### RECORDED DATA
>>>>>

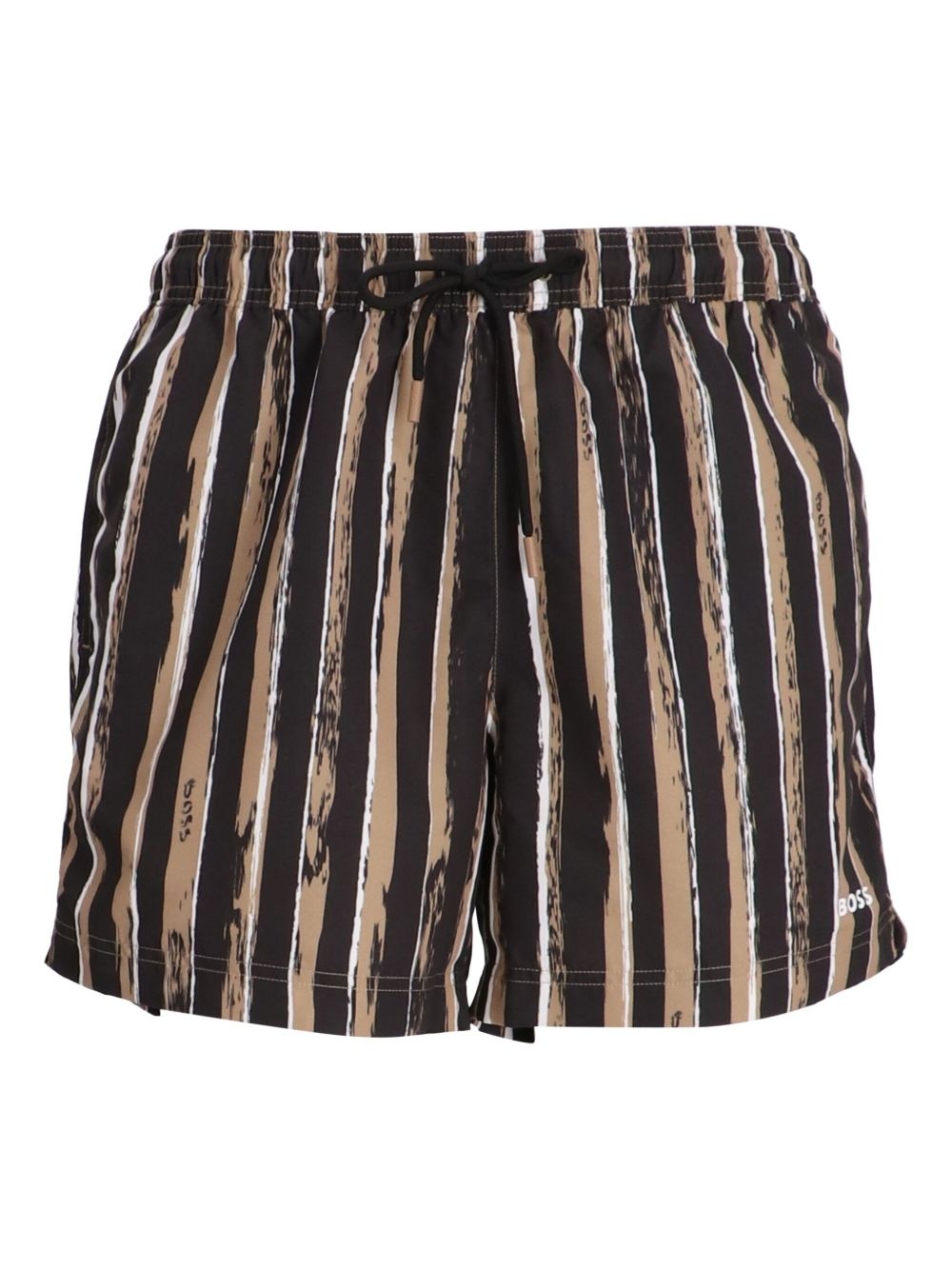 striped drawstring shorts Highlights - Black/beige - Vertical stripes - Beige stripes - Drawstring fastening - Logo print - Patch pocket - Be mindful to try on swimwear over your own garments. Imported Composition Lining: Recycled Polyester 100% Outer: Recycled Polyester 100% Washing instructions Read Manufacturer Guidelines
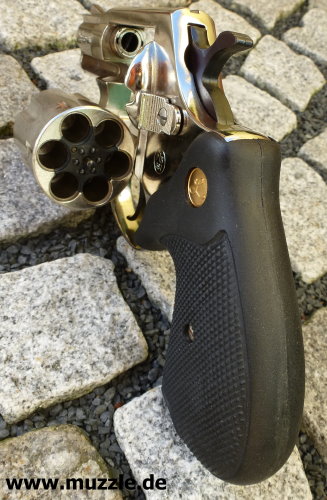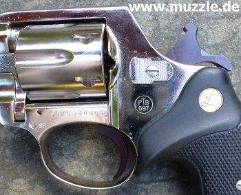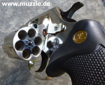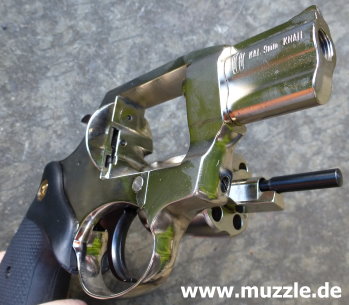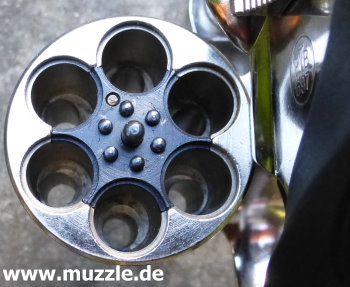 Fotos unten: Die Trommel fasst 6 Patronen im Kalber 9 mm (.380). Sie wird nach links aus dem Rahmen ausgeschwenkt. Ein Ausstoßerkranz, mit dessen Hilfe die leeren Kartuschen leichter aus den Kammern entfernt werden könnten, ist leider nicht vorhanden.
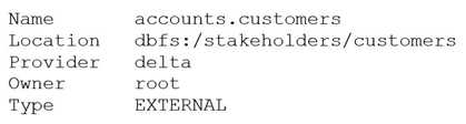 the accounts.customers table is an EXTERNAL table, which means that it is stored outside the default
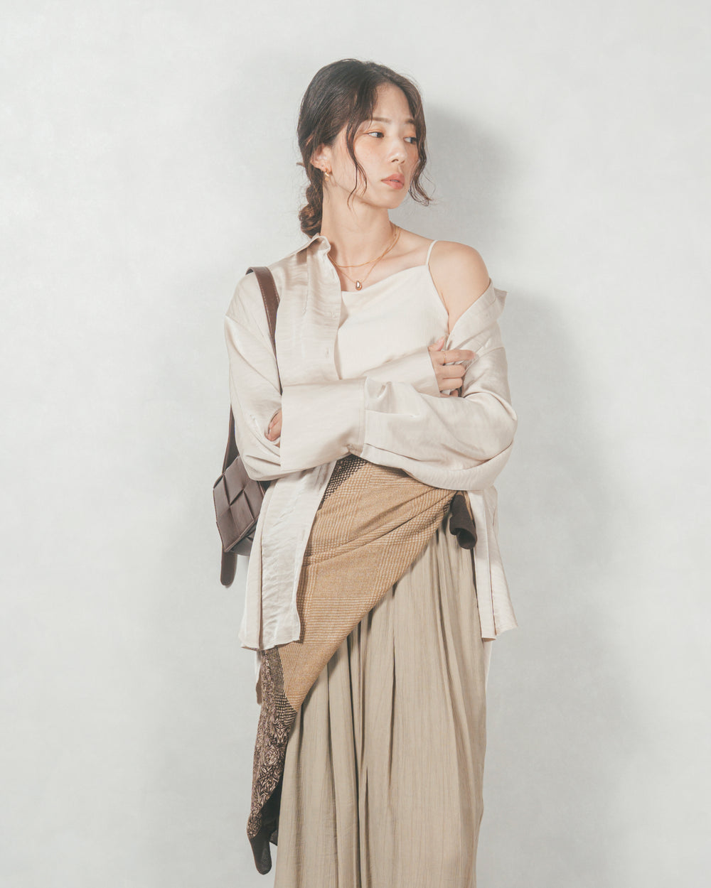 ウエストタックで自然にシルエットにメリハリが出るため、1枚で着てもサマになり、ボトムを選ばず着回しやすいのもポイント。肌寒くなってきたら、ジャケットのインナーとして袖口や裾をのぞかせるレイヤードスタイルもおすすめ。

<<<<<

### DESCRIPTION OF THE TASK
Word for word, output the whole listing, but not its pictures.

### WRITTEN RESPONSE
 striped drawstring shorts Highlights - Black/beige - Vertical stripes - Beige stripes - Drawstring fastening - Logo print - Patch pocket - Be mindful to try on swimwear over your own garments. Imported Composition Lining: Recycled Polyester 100% Outer: Recycled Polyester 100% Washing instructions Read Manufacturer Guidelines
 Fotos unten: Die Trommel fasst 6 Patronen im Kalber 9 mm (.380). Sie wird nach links aus dem Rahmen ausgeschwenkt. Ein Ausstoßerkranz, mit dessen Hilfe die leeren Kartuschen leichter aus den Kammern entfernt werden könnten, ist leider nicht vorhanden.
 the accounts.customers table is an EXTERNAL table, which means that it is stored outside the default
 ウエストタックで自然にシルエットにメリハリが出るため、1枚で着てもサマになり、ボトムを選ばず着回しやすいのもポイント。肌寒くなってきたら、ジャケットのインナーとして袖口や裾をのぞかせるレイヤードスタイルもおすすめ。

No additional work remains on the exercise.